Ketua PWI Tomohon Tanggapi Pasal Kontroversial RUU KUHP - <!--Can't find substitution for tag [blog.Sulut24]-->

Widget HTML Atas

Ketua PWI Tomohon Tanggapi Pasal Kontroversial RUU KUHP


Ketua PWI Tomohon Jhon Paransi

Sulut24.com - Tomohon, Revisi Undang-Undang (UU) Kitab Undang Undang Hukum Pidana (KUHP) hingga saat ini masih memantik kontroversi ditengah masyarakat.

Gelombang demo oleh mahasiswa di berbagai daerah terus terjadi untuk menuntut agar RUU KUHP dibatalkan.

Selain mahasiswa, protes terkait RUU KUHP juga datang dari para Jurnalis, pasalnnya dalam RUU KUHP tersebut terdapat poin-poin yang dinilai dapat membunuh kebebasan pers.

Ketua Persatuan Wartawan Indonesia  (PWI) Kota Tomohon Jhon Paransi saat diwawancarai sulut24.com melalui aplikasi pesan instan (WhatsApp) mengatakan bahwa insan pers memiliki tanggung jawab sebagai pilar pembangunan bangsa.

"Kami jangan dikucilkan lewat regulasi pemerintah untuk menghambat kebebasan berekpresi sebagai pers dalam menyampaikan informasi akurat faktual dan terpercaya kepada masyarakat," tutur Ketua PWI Tomohon, Kamis (26/9/2019).

Tambahnya peranan pers sangat dibutuhkan dalam pemerintahan yang demokratis.  Untuk itu diperlukan kebebasan pers dalam menjalankan tugas serta fungsinya secara profesional.

"Apabila negara mengendalikan media massa, maka akan mengakibatkan terhambatnya cara untuk memberitakan penyalahgunaan wewenang dan korupsi yang dilakukan oleh pejabat negara," ujar Paransi.

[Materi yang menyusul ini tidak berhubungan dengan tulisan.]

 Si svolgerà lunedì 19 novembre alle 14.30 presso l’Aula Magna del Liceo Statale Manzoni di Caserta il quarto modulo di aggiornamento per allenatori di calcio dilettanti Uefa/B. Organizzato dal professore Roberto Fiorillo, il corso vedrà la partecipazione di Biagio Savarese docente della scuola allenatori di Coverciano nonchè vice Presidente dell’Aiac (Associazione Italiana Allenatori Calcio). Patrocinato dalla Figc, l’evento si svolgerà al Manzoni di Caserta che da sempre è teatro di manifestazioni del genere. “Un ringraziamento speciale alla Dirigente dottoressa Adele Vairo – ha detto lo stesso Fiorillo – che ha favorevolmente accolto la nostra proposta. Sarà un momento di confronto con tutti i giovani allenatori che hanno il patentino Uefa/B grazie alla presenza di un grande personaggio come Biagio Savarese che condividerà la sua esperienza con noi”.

Ketua PWI Tomohon menuturkan pembatasan kebebasan pers jelas merupakan bagian dari redupnya prospek demokratisasi. Lanjutnya, perkembangan dan pertumbuhan media massa atau pers di Indonesia tidak dapat dipisahkan dari perkembangan dan pertumbuhan sistem politik di negara.

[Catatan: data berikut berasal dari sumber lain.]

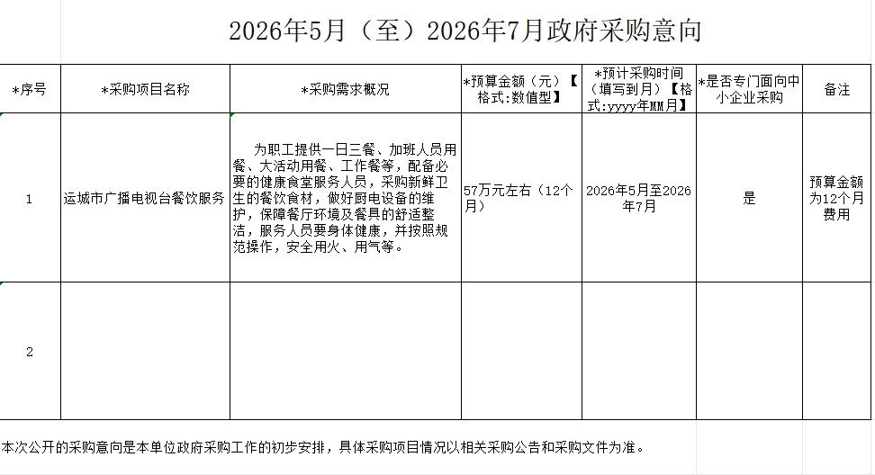 2026年5月(至)2026年7月政府采购意向

"Bahkan sistem pers di Indonesia merupakan sub sistem dari sistem politik yang ada, dimana sistem pers mengikuti sistem politik yang ada, maka pers cenderung bersikap dan bertindak sebagai penyeimbang, sebagai pers yang bebas dan bertanggung jawab," jelasnya.

"Saat ini kita sebagai insan pers bukan di era orde baru yang dijadikan alat mempertahankan kekuasaan sehingga pers tidak menjalankan fungsinya yang sesungguhnya adalah pembangkit demokrasi dan sebagai pendukung dan pembela masyarakat berdasarkan amanat UU Pers No. 40 Tahun 1999 dan Kode Erik Jurnalistik," tutup Paransi.

Berikut poin-poin yang dinilai dapat menghambat atau menyeret Jurnalis ke rana pidana.

Pertama, pasal 281 soal penghinaan terhadap pengadilan; Kedua, pasal 219 tentang penghinaan terhadap presiden atau wakil presiden; ketiga, pasal 241 tentang penghinaan terhadap pemerintah; keempat, pasal 247 tentang hasutan melawan penguasa; kelima, pasal 262 tentang penyiaran berita bohong; dan keenam, pasal 263 tentang berita tidak pasti.

Selanjutnya, pasal 305 tentang penghinaan terhadap agama; kedelapan, pasal 354 tentang penghinaan terhadap kekuasaan umum atau lembaga negara; kesembilan, pasal 440 tentang pencemaran nama baik; dan pasal 444 tentang pencemaran orang mati.